AthleticDirectorU and Athlete Viewpoint surveyed thousands of Division I college athletics administrators across the nation in the spring of 2022 for their views on professional burnout, exhaustion and disengagement using the publicly available Oldenburg Burnout Inventory. The college athletics industry has long been marked by work in excess of 40 hours per week, including duties and responsibilities that stretch well into the evening with games and competitions, along with significant travel demands for some roles. In many cases, workload is well-aligned for administrators who embrace their job as a lifestyle.
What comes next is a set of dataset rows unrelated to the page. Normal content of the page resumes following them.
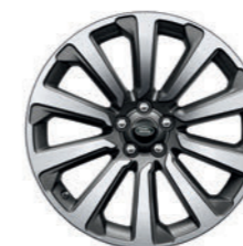
20" 10 Spoke, 'Style 1032' with Diamond Turned Finish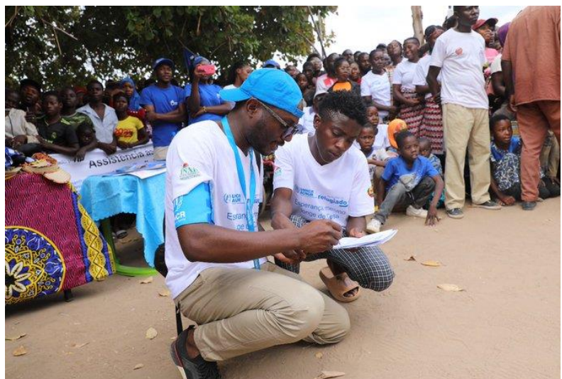
Protection Monitoring Activities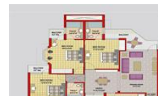
Floor Plan 5

* These floor plans are of the project and might not represent the property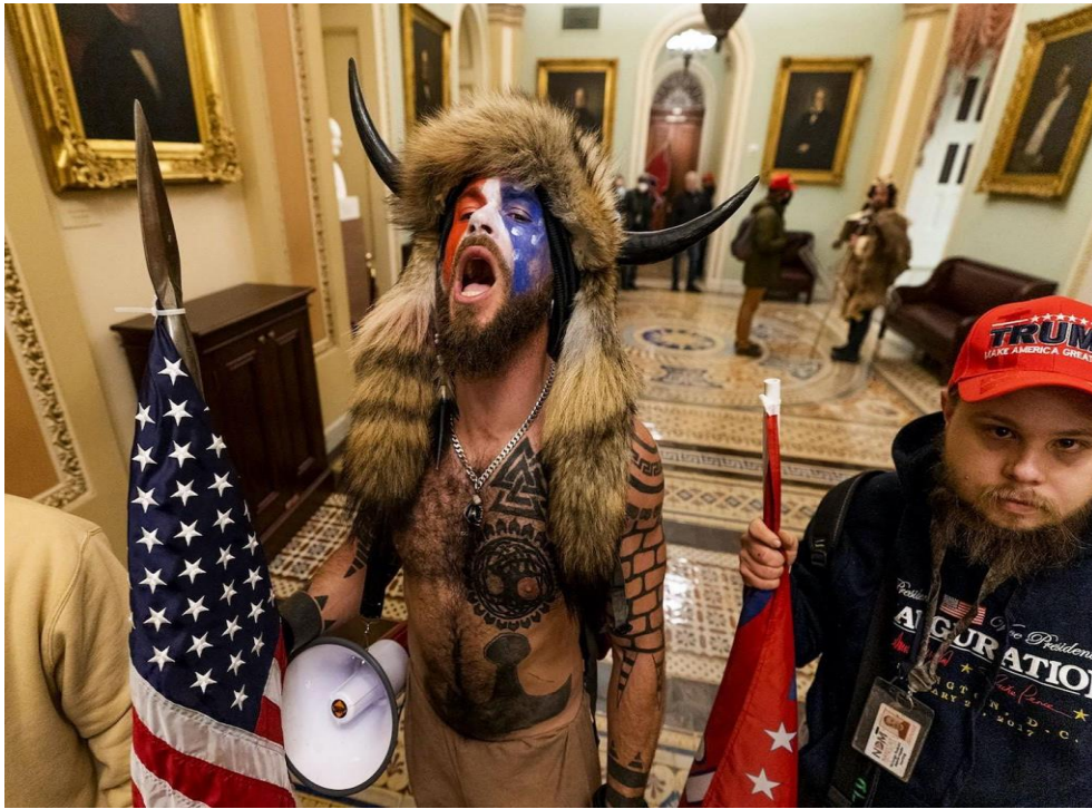
Fig. 2. “ Jacob Chansley, aka Jake Angeli, inside the Capitol on January 6, 2021 ”

treason from Dante's Inferno . In canto eleven, Dante the pilgrim arrives in the first ring of the Seventh Circle, which punishes those souls who were violent against their neighbors. Here, tyrants, murderers, and bandits—those who are violent to others or their property—are immersed in the Phlegethon, a boiling river of blood, to various degrees: the worse the sin, the further immersed the soul in the river.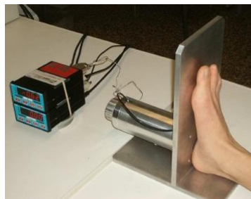
Fig. 2: Indentation device.

The indentation device is made of a load cell (RDP Electronics model 31) and a linear transducer (RDP Electronics LVDT Displacement Transducer), both connected to amplifiers (RDP Electronics E725) and assembled inside an aluminium cylindrical body. An additional large screw is needed for the indentation test. This is placed at the bottom of the cylindrical body. A circular shaped sensor ( \Phi=40 mm) is attached to the load cell at the other extremity (see Figure 2). The more the screw is tightened in, the more compression is applied to the heel pad by the sensor. The real displacement of the heel pad tissue starts from when the sensor touches the skin of the heel and the load cell shows an increasing load. Until the load is zero, the recorded displacement is only the feed of the sensor. For the present experiment five compressions are applied with an interval of 10 minutes between each trial, allowing the tissue to relax. Data are then acquired and processed by using LabVIEW and Excel.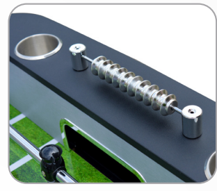
DUAL ABACUS SCORERS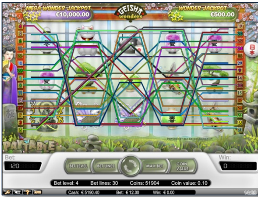
game round at Max bet

The game highlights which lines are winners and how much has been won on each line. The total winnings are added together and shown in the Win box. The amount won is added to the cash and displays in the game panel.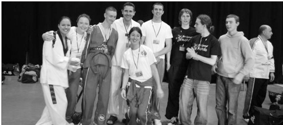
Students from Bridgend in the morning before the opening ceremony

Particular praise goes to Nicola Turecek as there were 92 competitors in her division and 3 hours to complete.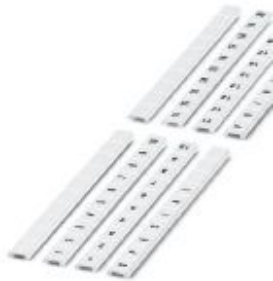
Zack marker strip flat, 10-section, horizontally labeled with the consecutive numbers: 11 ... 20, white, width: 8 mm

Please be informed that the data shown in this PDF Document is generated from our Online Catalog. Please find the complete data in the user's documentation. Our General Terms of Use for Downloads are valid ( http://phoenixcontact.com/download )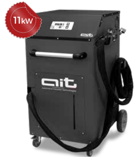
ART - HDi 11K400 KB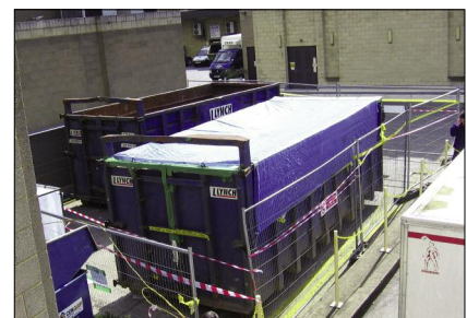
It is not good enough to throw sheeting over a standard skip

This guidance is issued by the Health and Safety Executive. Following the guidance is not compulsory and you are free to take other action. But if you do follow the guidance you will normally be doing enough to comply with the law. Health and safety inspectors seek to secure compliance with the law and may refer to this guidance as illustrating good practice.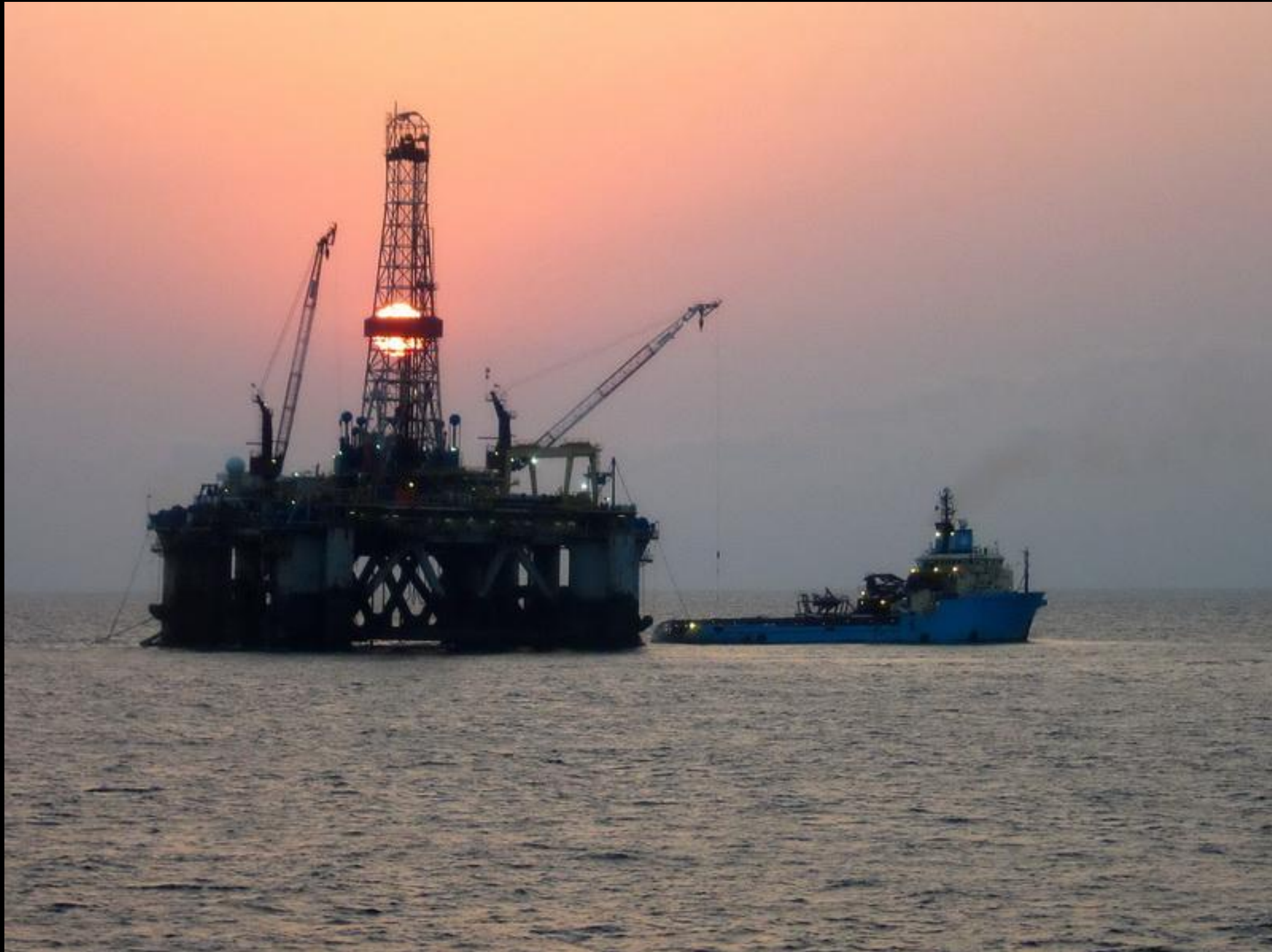
The sun "stuck" in the drill tower of the Atwood Hunter. She is preparing for a rig move.

However, the pandemic further stretched administrators at all levels of responsibility, in some cases due to headcount reductions, upside-down balance sheets, as well as the overall challenges of remote or arms-length operations for health and safety reasons.

As the pandemic has subsided the administrative transaction wire has been full of employees exiting the industry for opportunities in the private sector. Further, the identification and recruitment of quality talent has become much more difficult across the entire labor market, and intercollegiate athletics is not immune to the trend.

Over the next two weeks, AthleticDirectorU, Athlete Viewpoint and the D1.ticker family of publications will explore the challenges and opportunities associated with these survey results, which can be viewed in total here.

Here are the overall results for college athletics administrators for burnout (moderate risk), exhaustion (high risk) and disengagement (high risk):

Digging deeper into the levels of risk for administrator disengagement, exhaustion and burnout, administrators show a very high level of exhaustion risk.

When burnout is analyzed by years of experience, administrators with five to ten years of experience express the highest risk levels of burnout, exhaustion and disengagement, followed closely by administrators with one to four years of experience.

When considering responses by gender, female responses indicate higher levels of risk for exhaustion, disengagement and overall burnout.